Minnesota Waitress Sues Police Over $12,000 Tip: UPDATED
If $12,000 somehow ended up in our hands, we'd want to hang on to it, too: a Minnesota waitress who found the thousands-of-dollars tip at her table is now suing the police for keeping the money, which is now being investigated in relation to drugs.
Stacy Knutson, who works at the Fryin' Pan in Moorhead, Minn., says a woman left a takeout box (from another restaurant) at her table; when Knutson went to return the box, the woman instructed her to keep it. When Knutson opened the box, she found rolls of cash inside. Knutson called the police, feeling uneasy about keeping the money.

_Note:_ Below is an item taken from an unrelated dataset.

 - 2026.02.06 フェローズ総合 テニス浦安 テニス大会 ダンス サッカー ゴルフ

After telling Knutson that she could claim the money after 60 days (and later told after 90 days), the police backtracked and kept the money as part of an ongoing drug investigation, the lawsuit alleges. They said she would receive a $1,000 reward for turning in the money. The reason the police held onto the cash is because of a law that states forfeiture of money in the presence of narcotics. Police are believed to have smelled marijuana on the bills, but Knutson's lawyers say it shouldn't prevent her from keeping the tip.

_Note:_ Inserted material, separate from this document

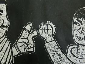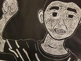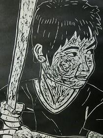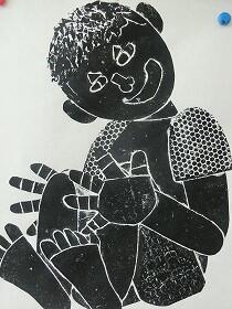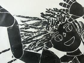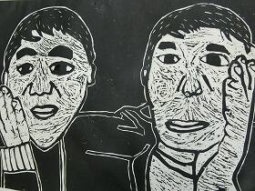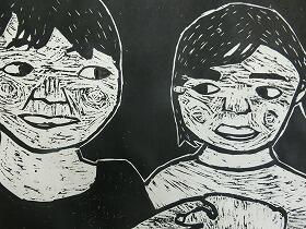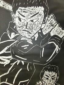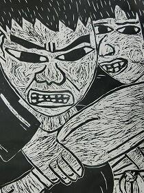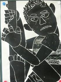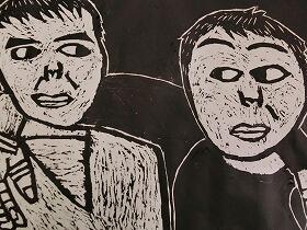 昨日の1・3年生に続き、本日は、4・5・6年生の版画の作品を紹介します。昨日の紙版画から全て彫刻刀を使った木版画になっていました。上級生らしく顔の表情や動きがとても上手に表現されていると思います。なお今回は、8名分で、題名を十分把握できなかったため、作品のみの紹介とさせてもらいます。ご了承ください。

Knutson now states in the lawsuit that the takeout box was meant for her, due to her family's financial struggles. Said Knutson in the lawsuit, "I do know that the person gave me what was in that to-go bag... Thus as I understand it, it is mine." The tip, she said in the lawsuit, was nothing short of a miracle. Police Lt. Tory Jacobson credited Knutson for "doing the right thing" and alerting the police, but that the final decision — to let her keep the dough or not — now rests in a judge's hands.
Updated: Good news for Knutson today: she'll be able to keep the full $12,000 she discovered at the restaurant she worked at, CBS reports. Her attorney, Craig Richie, says "integrity has now prevailed."